4.5 Law as a Universal Experience
In adopting the Plan as a study material, the World Law Fund defined its first basic assumption: “… in all modem states legal institutions are used to control and regulate violence… law is almost a universal experience and can be appealed to as a rational method, for achieving order and even justice.”6
The use of the Mendlovitz materials in several disciplines and the variety of problem foci selected by the instructors led to the conclusion that the subject of world order, while maintaining its basic adherence to law as a source of control and justice, must give careful attention to the analysis of many interrelated problems and must extend itself far beyond the substance of disarmament and conflict resolution. These circumstances reinforced the conclusions derived from contacts with scholars and teachers in other countries.
Not unmindful of the complexities and conflicts inherent in the first basic assumption, Harry B. Hollins, Managing Director of the World Law Fund, began his task of launching a world-wide educational effort by testing its validity. During a trip to present translations of World Peace Through World Law to leaders and scholars of many countries and to elicit their reactions to it, he learned two significant lessons which profoundly influenced the guidelines for the operation of the Fund: first, that law as a conceptual basis for order does have some degree of universal meaning; and second, that no one plan and no single perspective on the problem of war will produce a workable solution for a complex, multi-cultural world in which the hierarchy of critical problems varies from nation to nation.

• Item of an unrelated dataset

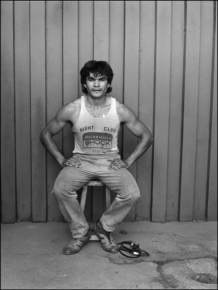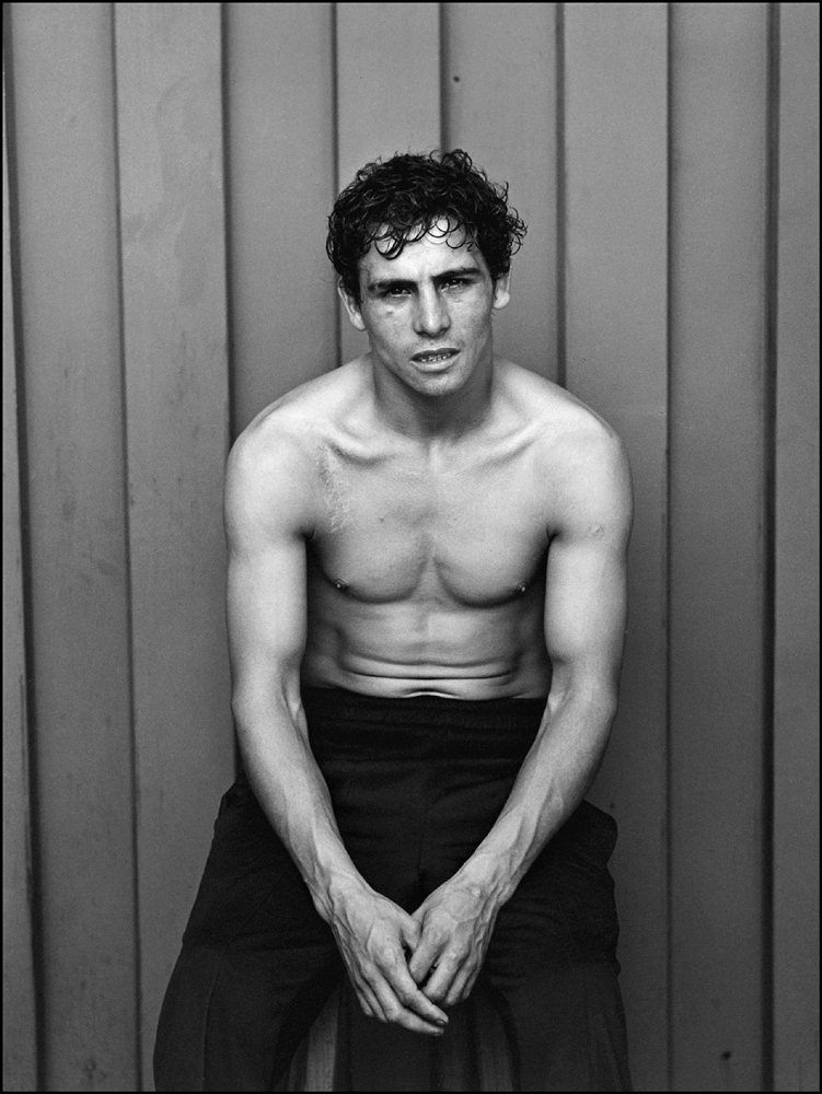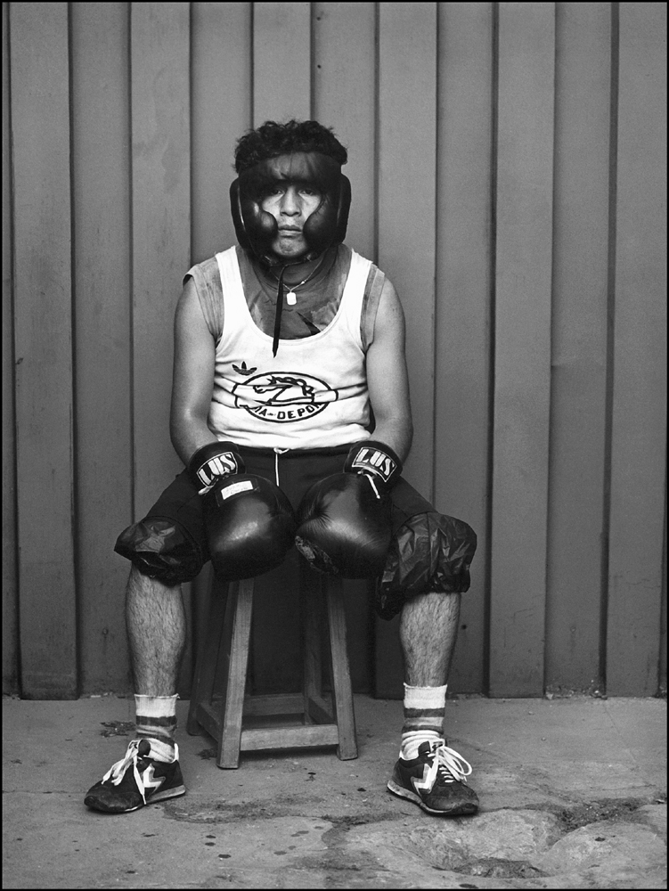 Los boxeadores, son tal vez los retratos mas asociados al imaginario fotográfico de Paz Errázuriz. Personificaciones del sacrificio corporal en poses deportivas heroicas, con expresiones faciales ausentadas ante la cámara, parodian el abandono y la exigua pertenencia a las instituciones de reproducción de la vida social.

The recognition of these conditions led to the internationalization of the operation from the earliest stages. Scholars and educators from all areas of the world were enlisted to assist in the formulation and evaluation of programs and encouraged and assisted with the initiation of similar operations in their own countries. The exchange of course outlines and course syllabi among educators of several nations has enriched the resources for world order education while moving it further toward its goal.
4.6 The “Models Project”
The Fund has recently launched a project which has tremendous potential as the basis and vehicle for world-wide public discussion and offers the opportunity for academic examination of world order issues. The “Models Project,” which began as an attempt to overcome the limitations imposed by the existence of a single war prevention plan, may prove to be the single most important development since the publication of World Peace Through World Law.